Feature Access Security

Discussion created by upgraders on Feb 28, 2013
I pondered which forum/section I should post this, but ultimately I am using the JavaScript API to develop this application so I am hoping I can find some security savvy folks to help.

I manage some in house ArcGIS servers where we plan to host our own Feature access services. I have some map services that I want to allow authorized staff to create new point, lines and polygons using a web application hosted on another server. I can authenticate these users on this other server. The web application will use the REST API from the ARCGIS server for these edits, however I need a good simple way to protect the Feature Access from unauthorized/anonymous users from the Create/Edit/Delete operations.  

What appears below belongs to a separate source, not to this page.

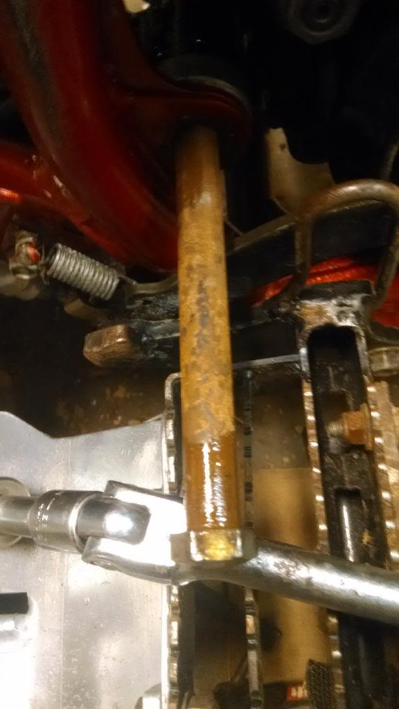 Now to my project I tried the swingarm bolt again with a bigger hammer, got it to move slightly but now its gone as far as a hammer is able to access?? And its still just as stiff, I tried drilling a hole into it and putting a smaller bar in to tap it out but it still wont budge, I'm not worried about ruining the bolt at this stage since I'll have another one from the parts blaster. Any ideas?

I don't want to use Windows Active Directory because we have a lot of public access to other map services which could interrupt current services. I also want to maintain access through the ArcGIS.com on these other public services, so any server level security changes need to be sensitive to this. I know I can set security specific to the entire service (Public or private) as well as folder specific permissions. I do have Roles for Users, Publishers and Admin that can use local and Active Directory but it starts to become very confusing. I am hoping for an easy way to implement a simple security measure to only allow access to my authenticated users, without extra steps for the users to make.

There is a lot of articles on ArcGIS security, which is part of my problem, there is just too much to understand.  I was hoping someone here could help guide me on how to set this this from the Web App to the ArcGIS server.